Irish singer Dermot Kennedy has been urged to apologise after using an offensive term usually aimed at members of the Travelling community during a live interview with the Canadian music channel Much.
The videos have since been deleted, but a group representing the Irish Travelling community has demanded an apology from the 31-year-old.
In the video, Kennedy was asked to explain common Irish slang, in which he used the word “knackered”, an expression used to express tiredness. He caveated that the shortened word was a “bad” term.
“If you call somebody a knacker that’s really bad, really bad, because the knacker is – to the best of my knowledge – is like a horse in the yard that is like dying,” he said.
“But it’s like a classic thing… like if you were sitting at a table and someone took your food, you’d be like: ‘Ah, ya knacker’.”
Dermot Kennedy using “K word” as a demonstration of ‘Irish Slang’ makes me feel so angry and nauseous.
Totally unacceptable ? @DermotKennedy reflect a bit on how this might make Travellers who have this term flung at them everyday might feel to hear you saying this
— Dr John Gilmore (@GilmoreJNurse) June 17, 2023
A knacker is described as “a person whose business is the disposal of dead or unwanted animals, especially those whose flesh is not fit for human consumption”, but has been used as a slur towards member of the travelling community.
The director of the Irish Traveller Movement (ITM) called for an apology from the singer.

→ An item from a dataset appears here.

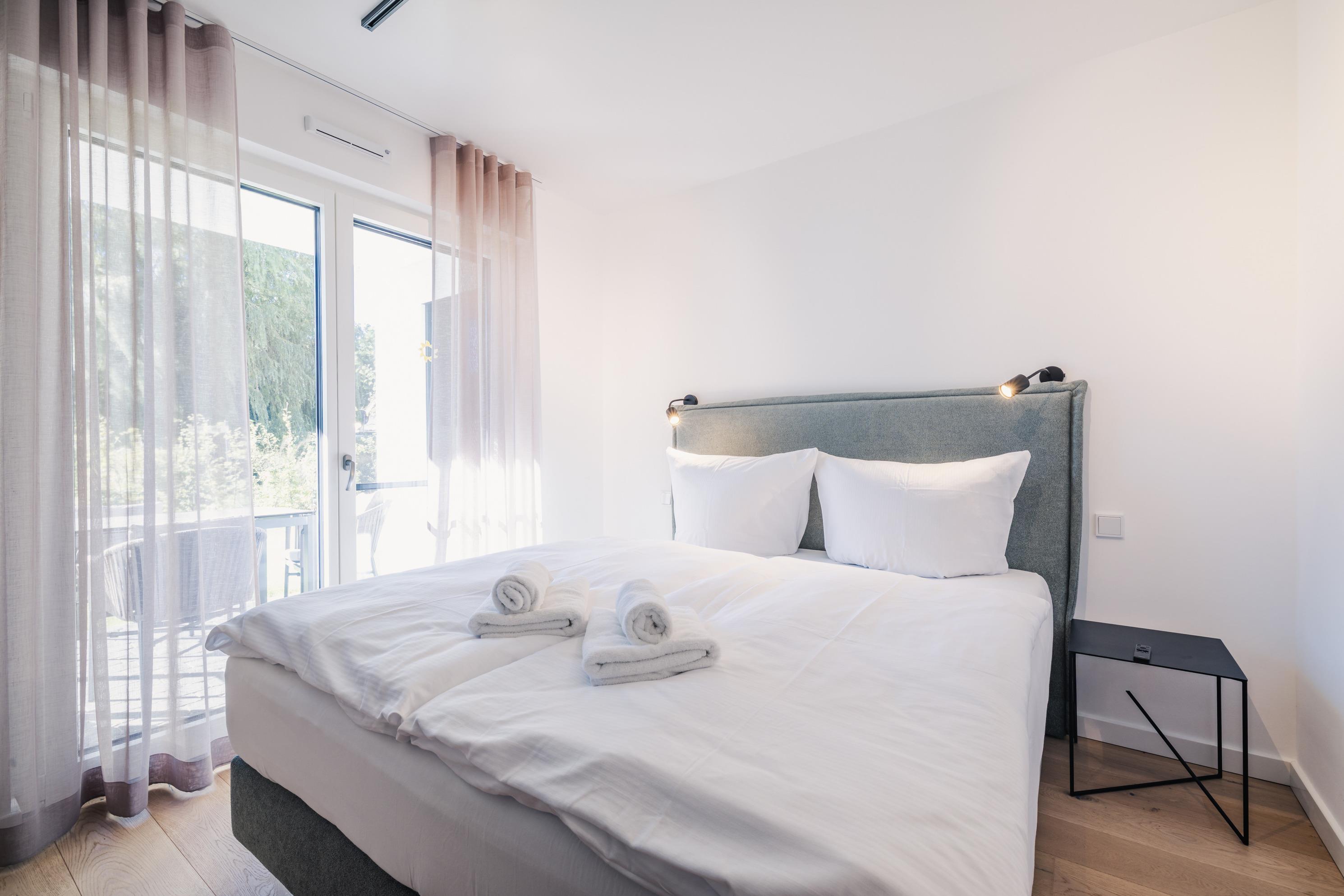 Zwei einladende Schlafzimmer, jeweils mit direktem Zugang zur Terrasse und zum Garten – perfekt für entspannte Momente im Freien.

“[The ‘K word’] has been used in hate speech towards the Traveller community to degrade and humiliate,” said Bernard Joyce.
“It’s completely unacceptable and gives offence to our community. Dermot Kennedy should give an apology recognising the hurt and pain this word has inflicted on our community with immediate effect.”
Human rights activist Rose Marie Maughan added:
“Irish society has grown so much in terms of not using racist terms due to the impact they have on marginalised communities, yet the ‘K term’ is used daily regardless how many times Irish Travellers express our pain.
“He must now do the right thing and apologise to us, and in the future use his platform as an ally to us – calling for the end of the last accepted racism in Ireland.”